Get the data into a frame:
This first bit of code does nothing but get your sample data into a pandas.DataFrame. Your data format was not specified so I will assume, that you can get it into a frame, or if you can not get it into a frame, will ask another question here on SO about getting the data into a frame.
import pandas as pd
from io import StringIO
df = pd.read_csv(StringIO(u"""
1,2,1,2
2,3,2,5
3,4,3,
4,,5,
5,,,"""), header=None, skip_blank_lines=1).fillna(0)
for column in df:
df[column] = pd.to_numeric(df[column], downcast='integer')
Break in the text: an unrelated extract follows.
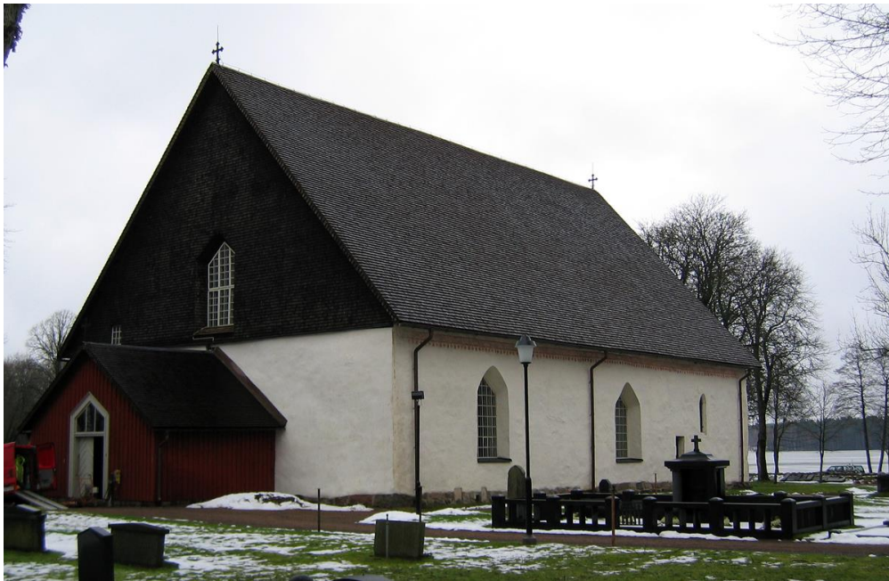
Kyrkobyggnaden sedd från sydväst med sjön i bakgrunden.

Kyrkobyggnaden, frånsett vapenhuset, är uppförd av skalmurad sten och har fasader av bulig slätputs som avfärgats i vitaktig kulör. Överst på långsidorna finns ett dekormönster i rött. Långhusets gavelrösten är klädda med spån som strukits med trätjära. Vapenhuset har en stomme av timmer och en fasad av stående locklistpanel. Denna har målats med falu rödfärg.

# set the first column as an index
df = df.set_index([0])
Build a result frame:
Start with a result frame that is just the index
# create a frame which we will build up
results = pd.DataFrame(index=df.index)
For each column in the source data, see if the value is in the index
# add each column to the dataframe indicating if the desired value is present
for col in df.columns:
results[col] = df.index.isin(df[col])
That's it, with three lines of code, we have calculated our results.
Output the results:
Now iterate through each row, which contains booleans, and output the values in the desired format (as ints)
# output the dataframe in the desired format
for idx, row in results.iterrows():
result = '%s,%s' % (idx, ','.join(str(idx) if x else ''
for x in row.values))
print(result)
This outputs the index value first, and then for each True value outputs the index again, and for False values outputs an empty string.
Postscript:
There are quite a few people here on SO who are way better at pandas than I am, but since you did not tag your question, with the pandas keyword, they likely did not notice this question. But that allows me to take my cut at answering before they notice. The pandas keyword is very well covered for well formed questions, so I am pretty sure that if this answer is not optimum, someone else will come by and improve it. So in the future, be sure to tag your question with pandas to get the best response.
Also, you mentioned that you were new python, so I will just put in a plug to make sure that you are using a good IDE. I use PyCharm, and it and other good IDEs can make working in python even more powerful, so I highly recommend them.